# DATA SHOWN
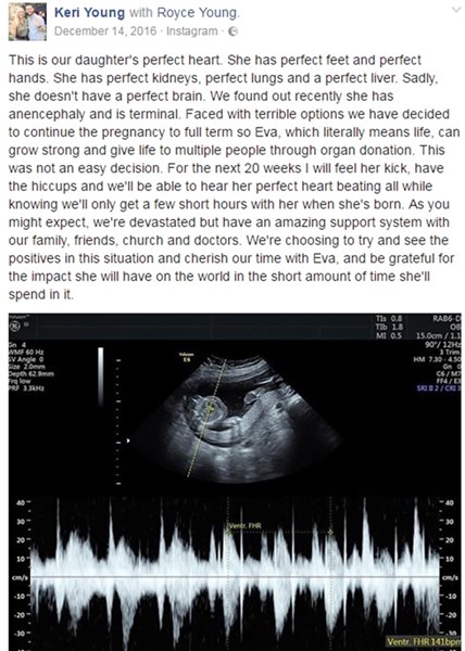 „Нашата дъщеря има перфектно сърце, перфектни крака и перфектни ръце. Тя има перфектни бъбреци, перфектни дробове и перфектен дроб. Тя обаче няма перфектен мозък, защото страда от аненцефалия. Аз и мъжът ми решихме да родя моята Ева. Името й значи живот. Искам чрез нея да даря живот на много хора, които се нуждаят от органи”, пише Кери в социалната мрежа, след като разбира тежката новина.
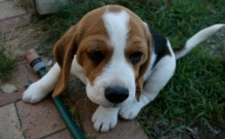 My dogs, the little one is Max. He's a beagle and he's 9 weeks old. The big one is Brodie. He's a boxer and he's 9 years old.
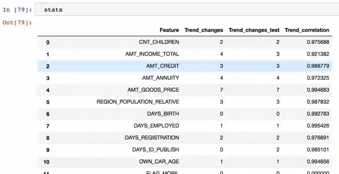 featexp中的get_trend_stats()函数会返回一个具有趋势关联和每个特性变化的dataframe。
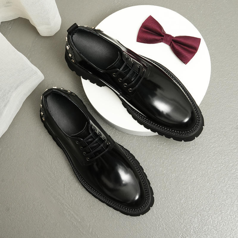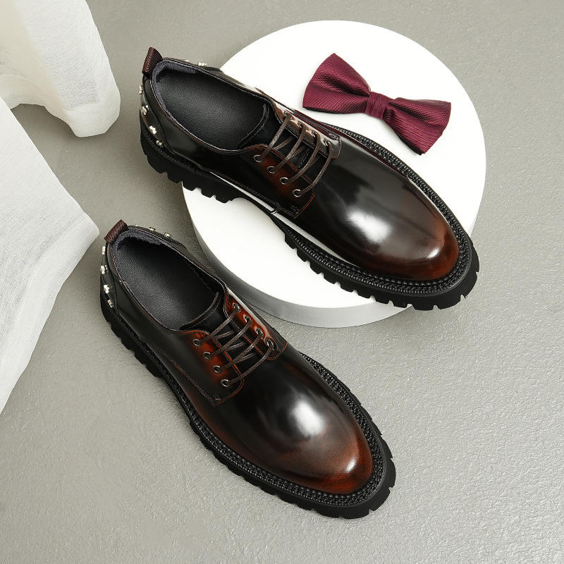 Chaussures Derby pour hommes en cuir véritable, personnalisées, tendance, haut de gamme, polies, polyvalentes, élégantes et respirantes
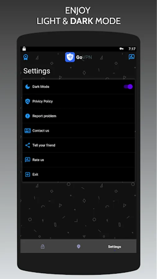 GoVPN App is a high speed, free and anonymous VPN service for you to access all your favorite sites. With GoVPN App on your android device, you can protect online privacy, stay anonymous on public Wi-Fi, and stream anywhere you want. Download GoVPN App to enjoy internet freedom now!

# WHAT IS REQUIRED
Reproduce, with the pictures omitted, exactly those lines that run from the line with "featexp中的get_t" to the last line of the material, both ends included.

# SOLUTION FOR THIS TASK
 featexp中的get_trend_stats()函数会返回一个具有趋势关联和每个特性变化的dataframe。
 Chaussures Derby pour hommes en cuir véritable, personnalisées, tendance, haut de gamme, polies, polyvalentes, élégantes et respirantes
 GoVPN App is a high speed, free and anonymous VPN service for you to access all your favorite sites. With GoVPN App on your android device, you can protect online privacy, stay anonymous on public Wi-Fi, and stream anywhere you want. Download GoVPN App to enjoy internet freedom now!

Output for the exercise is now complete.